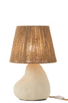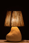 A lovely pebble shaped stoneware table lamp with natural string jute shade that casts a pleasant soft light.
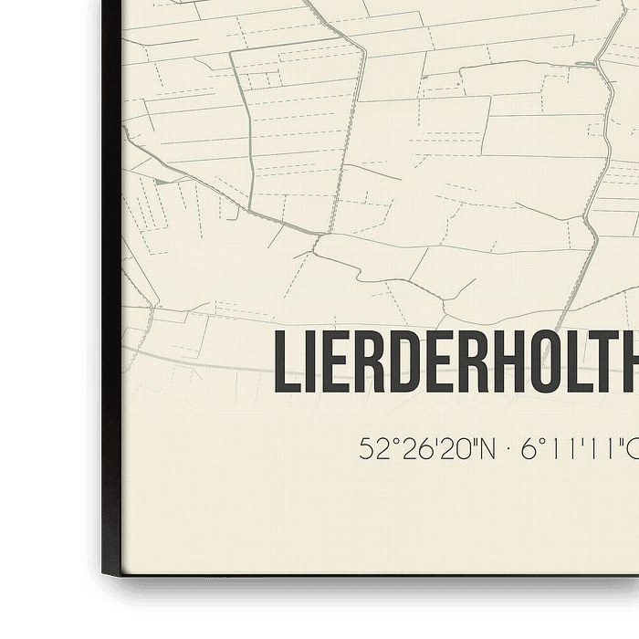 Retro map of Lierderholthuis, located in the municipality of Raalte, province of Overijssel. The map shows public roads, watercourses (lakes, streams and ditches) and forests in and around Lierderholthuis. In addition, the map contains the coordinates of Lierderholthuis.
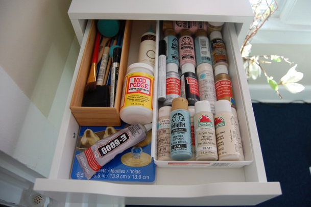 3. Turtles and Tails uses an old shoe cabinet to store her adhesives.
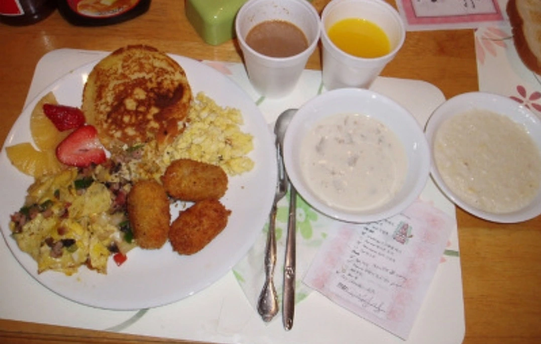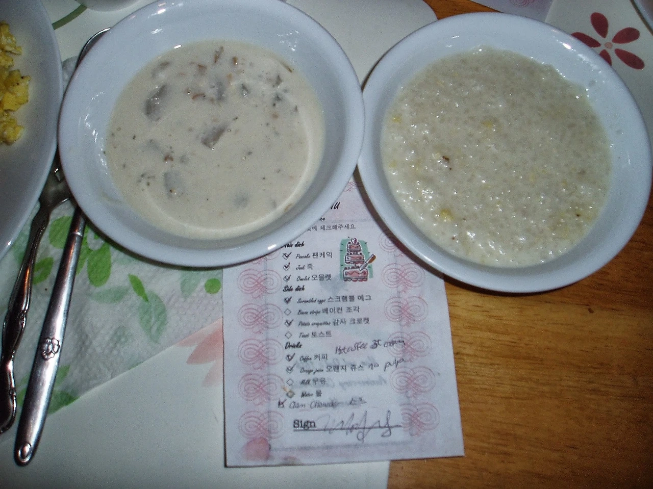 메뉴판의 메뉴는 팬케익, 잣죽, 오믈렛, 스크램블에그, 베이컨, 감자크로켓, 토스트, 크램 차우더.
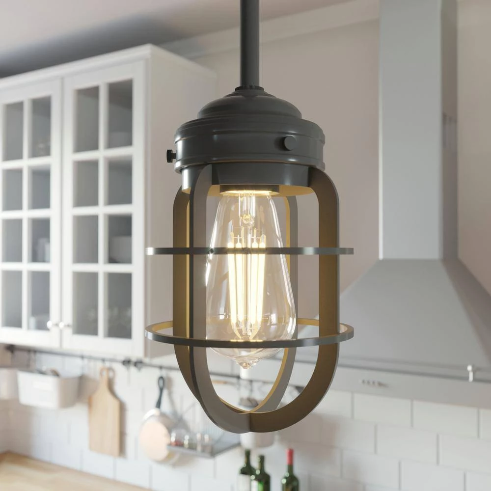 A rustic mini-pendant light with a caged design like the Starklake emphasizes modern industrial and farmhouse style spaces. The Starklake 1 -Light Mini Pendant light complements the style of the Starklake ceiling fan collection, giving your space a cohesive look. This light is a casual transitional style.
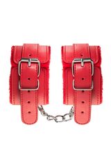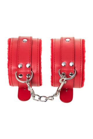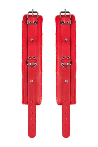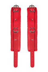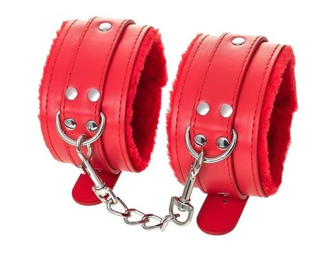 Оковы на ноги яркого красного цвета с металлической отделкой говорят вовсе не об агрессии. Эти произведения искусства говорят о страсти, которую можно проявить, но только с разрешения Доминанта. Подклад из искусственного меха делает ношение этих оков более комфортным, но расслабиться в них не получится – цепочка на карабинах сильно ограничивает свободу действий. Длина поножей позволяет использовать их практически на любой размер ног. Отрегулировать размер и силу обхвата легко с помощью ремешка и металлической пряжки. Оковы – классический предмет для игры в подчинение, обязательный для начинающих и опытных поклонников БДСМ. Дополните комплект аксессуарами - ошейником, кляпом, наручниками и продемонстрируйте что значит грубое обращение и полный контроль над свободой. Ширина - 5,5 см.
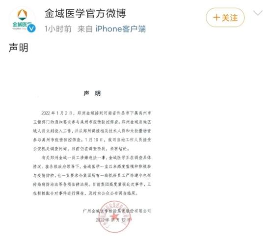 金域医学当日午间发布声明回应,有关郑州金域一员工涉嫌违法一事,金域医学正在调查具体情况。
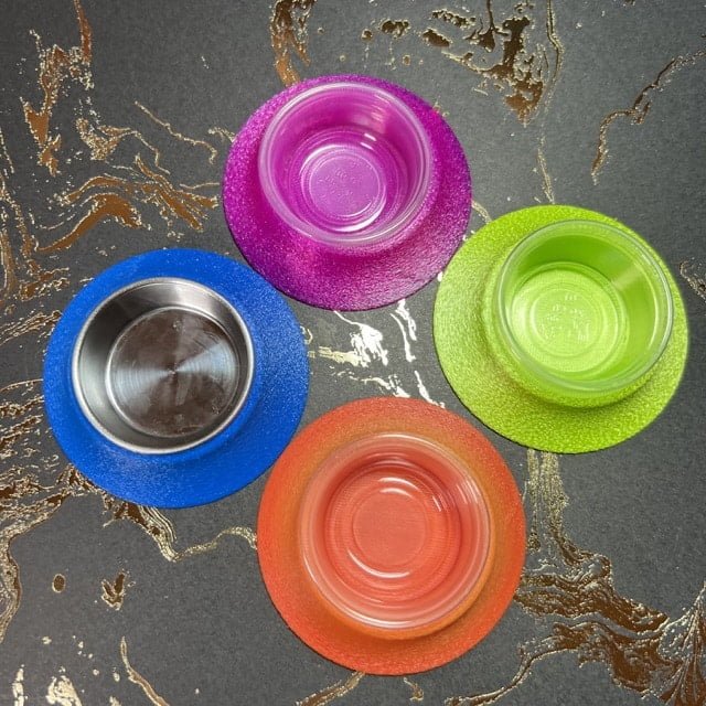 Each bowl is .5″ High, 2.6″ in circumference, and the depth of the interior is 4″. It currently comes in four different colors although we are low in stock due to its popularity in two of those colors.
--
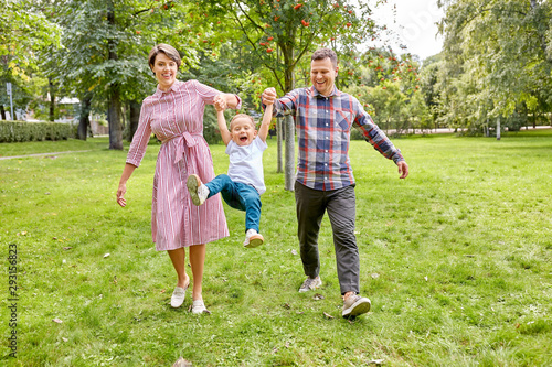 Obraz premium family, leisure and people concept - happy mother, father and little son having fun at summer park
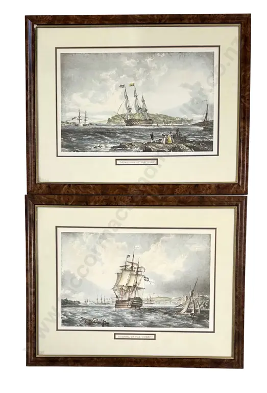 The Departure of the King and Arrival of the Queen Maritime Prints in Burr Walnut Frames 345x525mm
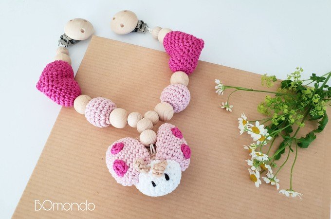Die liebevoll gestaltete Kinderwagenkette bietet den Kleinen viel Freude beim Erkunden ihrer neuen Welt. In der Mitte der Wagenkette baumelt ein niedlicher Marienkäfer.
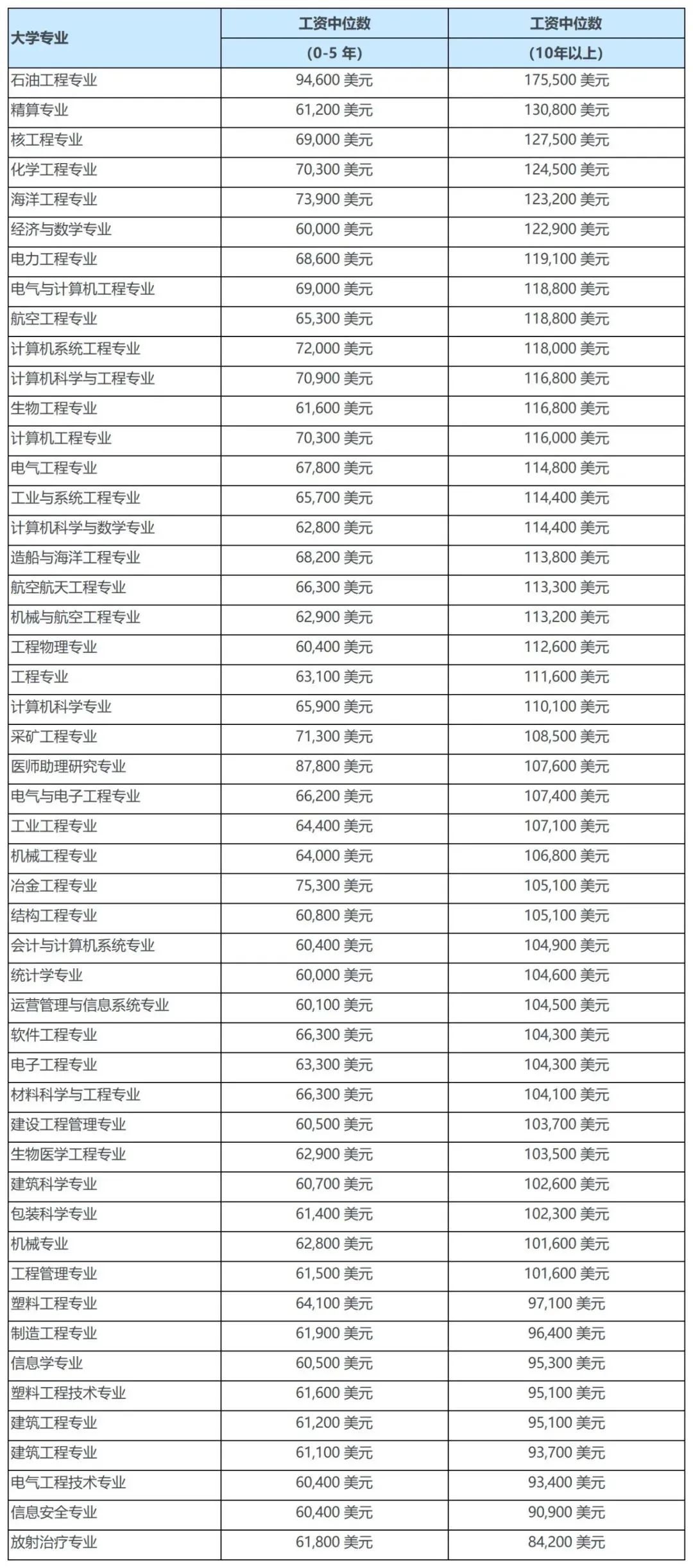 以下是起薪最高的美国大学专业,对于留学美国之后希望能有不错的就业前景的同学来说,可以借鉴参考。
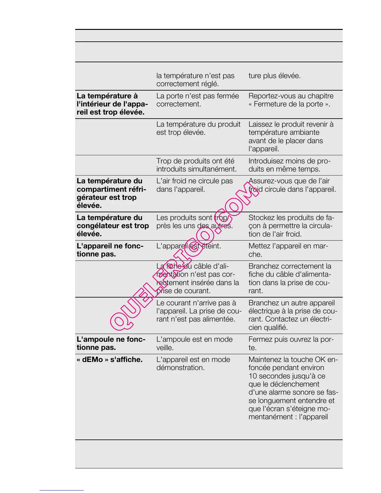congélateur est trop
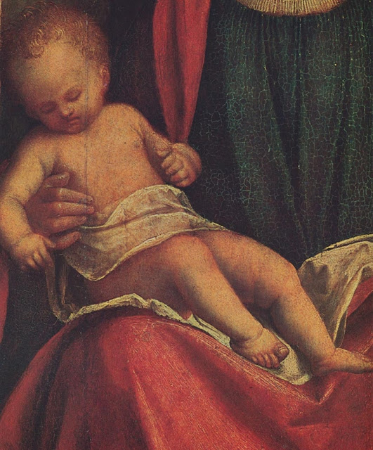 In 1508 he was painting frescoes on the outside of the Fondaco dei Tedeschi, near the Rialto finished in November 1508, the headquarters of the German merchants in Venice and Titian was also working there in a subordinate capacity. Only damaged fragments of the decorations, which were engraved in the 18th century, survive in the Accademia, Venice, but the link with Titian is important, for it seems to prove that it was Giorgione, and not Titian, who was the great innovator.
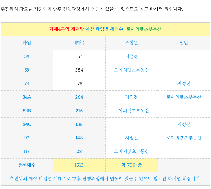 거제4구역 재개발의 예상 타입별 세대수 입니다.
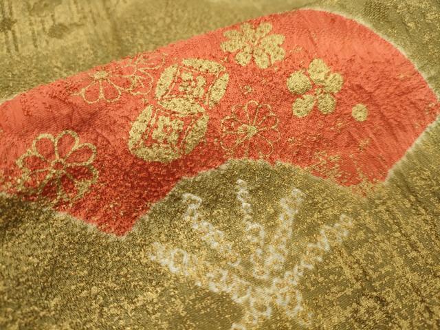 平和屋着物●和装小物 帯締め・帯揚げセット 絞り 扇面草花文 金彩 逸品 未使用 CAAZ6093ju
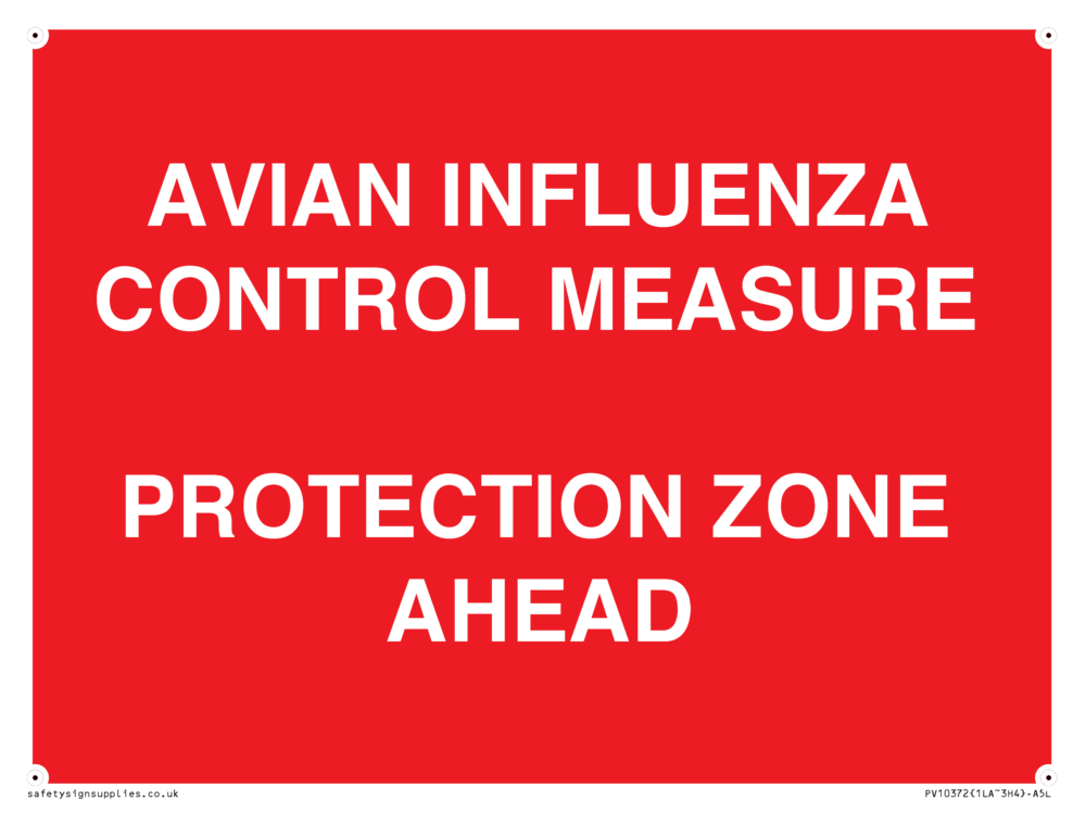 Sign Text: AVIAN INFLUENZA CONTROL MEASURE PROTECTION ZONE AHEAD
---
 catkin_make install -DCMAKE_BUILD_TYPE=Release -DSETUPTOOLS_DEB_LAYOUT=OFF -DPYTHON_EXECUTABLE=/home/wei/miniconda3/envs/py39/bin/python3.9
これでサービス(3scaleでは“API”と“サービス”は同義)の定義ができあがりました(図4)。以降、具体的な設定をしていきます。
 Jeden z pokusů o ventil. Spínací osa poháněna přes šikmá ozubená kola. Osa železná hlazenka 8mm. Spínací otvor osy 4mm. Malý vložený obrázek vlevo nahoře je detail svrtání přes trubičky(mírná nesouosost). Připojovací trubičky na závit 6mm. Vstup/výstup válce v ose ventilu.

§ YOUR TASK: What do the entries above read from the line containing "A lovely pebble" through the line containing "A rustic mini-pendant"? Output those lines exactly, both ends included, with the pictures left out.

§ TASK RESULT:
 A lovely pebble shaped stoneware table lamp with natural string jute shade that casts a pleasant soft light.
 Retro map of Lierderholthuis, located in the municipality of Raalte, province of Overijssel. The map shows public roads, watercourses (lakes, streams and ditches) and forests in and around Lierderholthuis. In addition, the map contains the coordinates of Lierderholthuis.
 3. Turtles and Tails uses an old shoe cabinet to store her adhesives.
 메뉴판의 메뉴는 팬케익, 잣죽, 오믈렛, 스크램블에그, 베이컨, 감자크로켓, 토스트, 크램 차우더.
 A rustic mini-pendant light with a caged design like the Starklake emphasizes modern industrial and farmhouse style spaces. The Starklake 1 -Light Mini Pendant light complements the style of the Starklake ceiling fan collection, giving your space a cohesive look. This light is a casual transitional style.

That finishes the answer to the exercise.